Hi Everyone,
I'm relatively new to neo4j and i'm running into slowness when trying to 
insert a batch of data. My strategy has been to write the batch of Cypher 
queries to a text file, and then pipe that into the neo4j-shell. Here is a 
description of my data.

Start with a single "user" node.
Create (if not exists) many "attribute" nodes.
Create relationships between "user" node and "attribute" nodes.

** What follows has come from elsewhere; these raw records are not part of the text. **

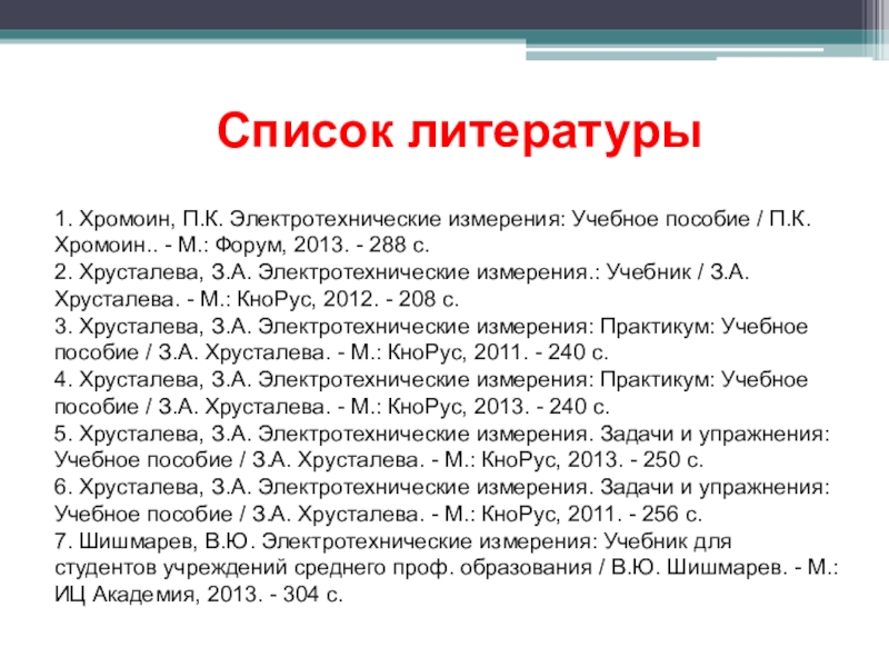 6. Хрусталева, З.А. Электротехнические измерения. Задачи и упражнения: Учебное пособие / З.А. Хрусталева. - М.: КноРус, 2011. - 256 c.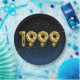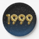 Gold foil balloons for 1999 birth year on gradient black and blue background with night stars for birthday party.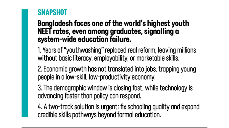 At a time when public education spending stagnated and remained among the lowest in the world, taxpayers’ money was wasted through symbolic budgetary allocations in the name of youth empowerment—a tragic phenomenon that I previously described as “youthwashing”. Rhetorical commitment without credible budgets, clear delivery plans, and measurable outcomes has left a generation dangerously exposed. Today millions have completed schooling without foundational qualifications; half of ten-year-olds cannot read an age-appropriate sentence; and Bangladesh remains near the bottom of global human capital rankings.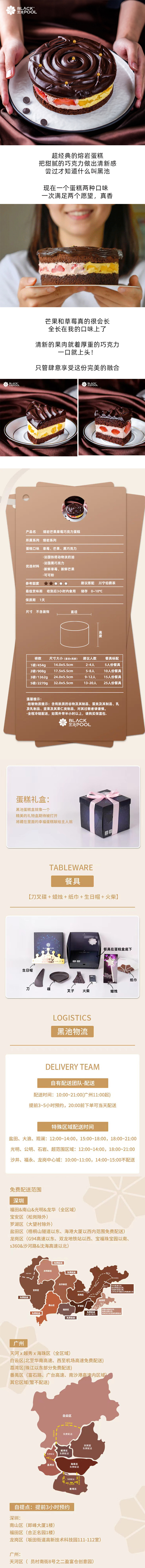 黑巧克力(法国)、可可粉(法国)、淡奶油(法国)、幼砂糖(韩国)、全球时令鲜草莓、全球时令鲜芒果、食用金箔
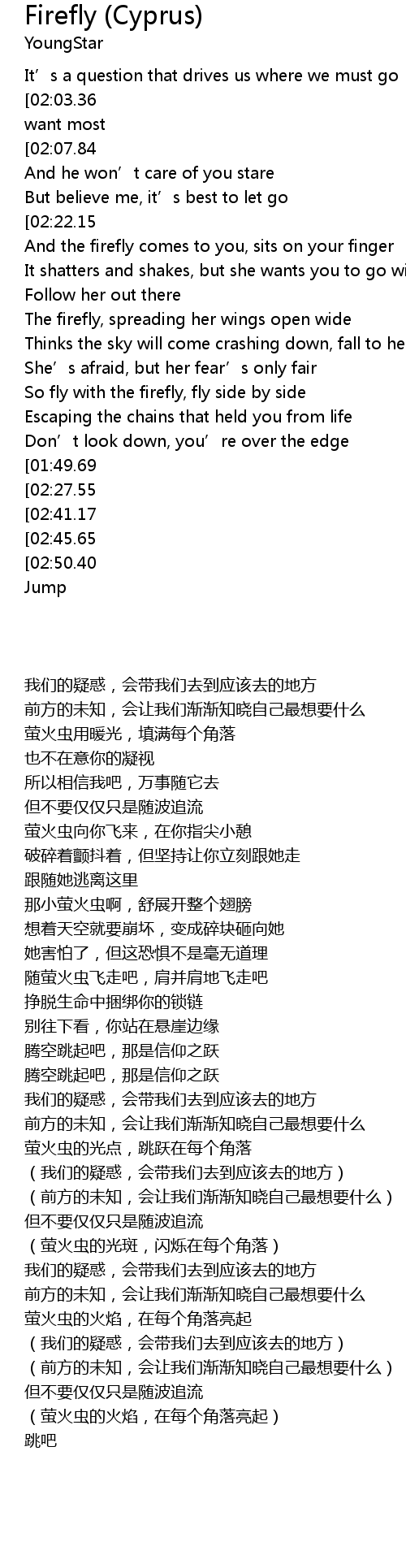 | [02:22.22][02:50.40] | (But the firefly sits in the corner and rests) |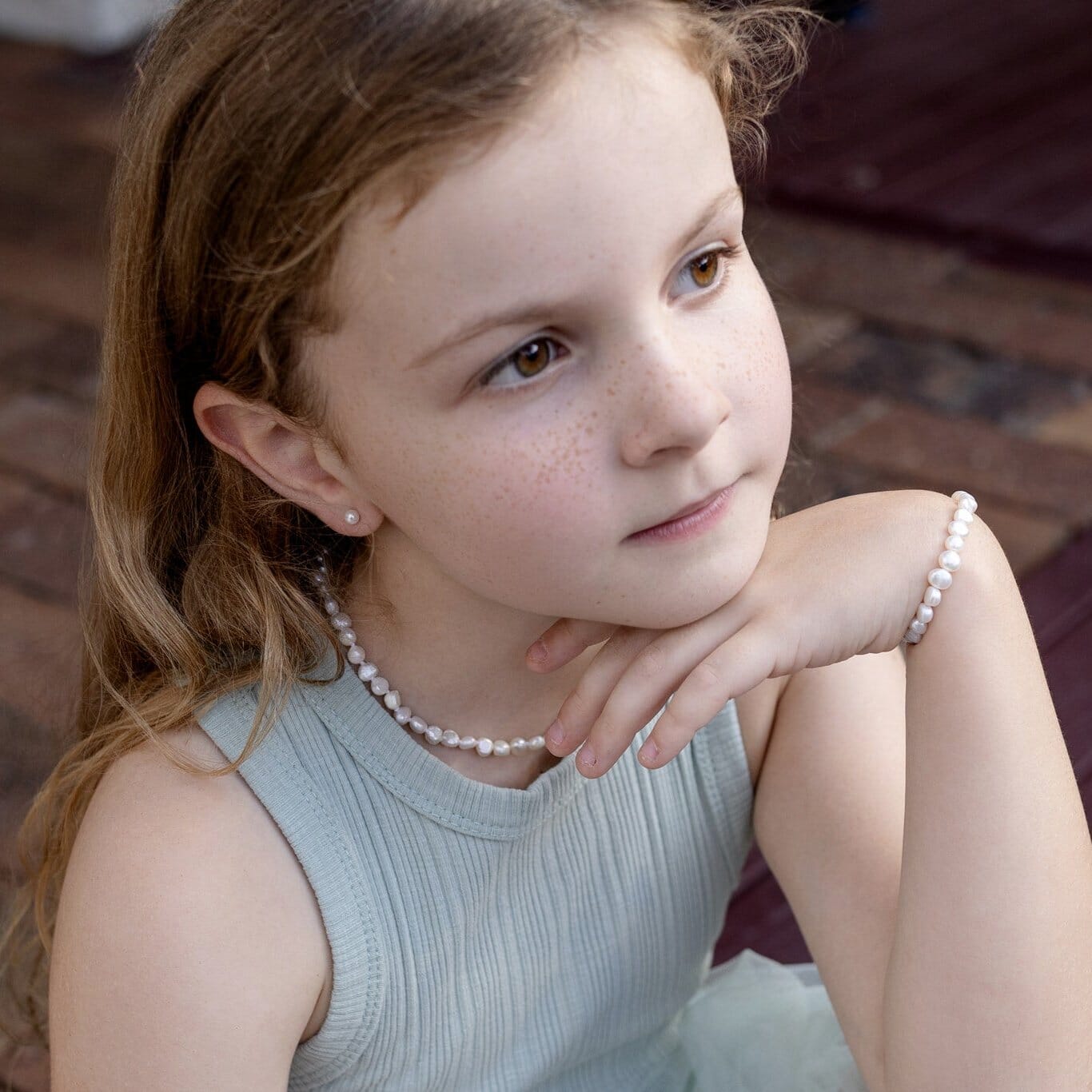 The Meadow Bracelet from our Bambini Collection is a delightful piece featuring unique Keshi pearls in natural white or soft pink. With its comfortable elastic design, this bracelet is easy to wear and perfect for any child. The natural, organic shapes of the pearls add a touch of playful elegance, making it a thoughtful gift or a charming addition to their collection for special occasions.

In my benchmarking, I'm creating 10,000 attribute nodes and relationships 
from the user to the attributes. The caveat is that the attribute nodes may 
already exist, and if it does I want to use the existing one instead of 
creating a new one. My current approach uses the MERGE command to create 
the attribute nodes (or return the node if it doesn't exist). My Cypher 
queries look something like this:

MERGE (a:Attribute {coordinate: '#{key}'}) WITH a 
MATCH (u:User {name: '#{user}'}) CREATE UNIQUE (u)-[r:HAS_ATTR]->(a)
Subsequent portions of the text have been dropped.